INFORMATION PROVIDED:
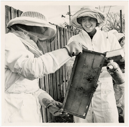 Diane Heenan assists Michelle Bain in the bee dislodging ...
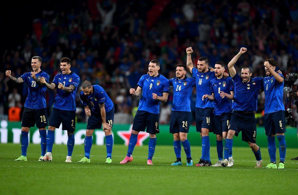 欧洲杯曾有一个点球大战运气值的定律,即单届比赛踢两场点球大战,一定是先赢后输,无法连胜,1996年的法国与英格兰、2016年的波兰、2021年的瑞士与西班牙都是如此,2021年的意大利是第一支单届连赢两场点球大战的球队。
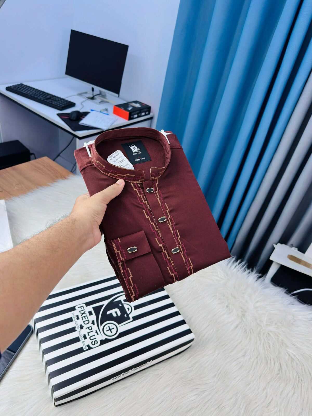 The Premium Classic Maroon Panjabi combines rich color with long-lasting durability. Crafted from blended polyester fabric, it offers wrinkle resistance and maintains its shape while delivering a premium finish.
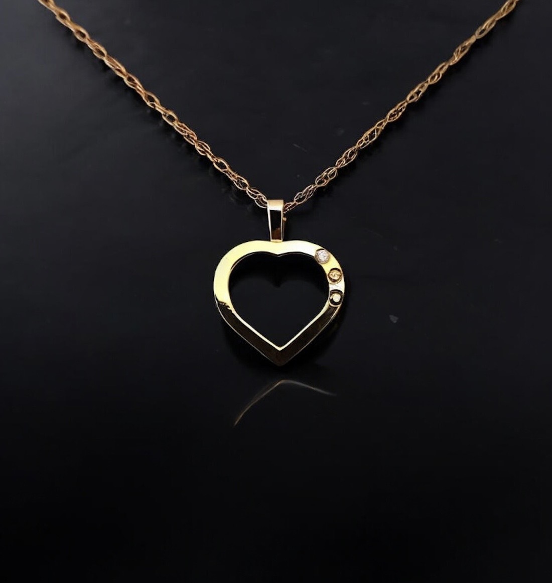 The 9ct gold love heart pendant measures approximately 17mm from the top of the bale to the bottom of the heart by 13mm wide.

YOUR TASK:
Repeat exactly the stretch of the listing above that starts with the line holding "欧洲杯曾有一个点球大战运气值" and finishes with the line holding "The Premium Classic", both included. Skip every picture.

YOUR SOLUTION:
 欧洲杯曾有一个点球大战运气值的定律,即单届比赛踢两场点球大战,一定是先赢后输,无法连胜,1996年的法国与英格兰、2016年的波兰、2021年的瑞士与西班牙都是如此,2021年的意大利是第一支单届连赢两场点球大战的球队。
 The Premium Classic Maroon Panjabi combines rich color with long-lasting durability. Crafted from blended polyester fabric, it offers wrinkle resistance and maintains its shape while delivering a premium finish.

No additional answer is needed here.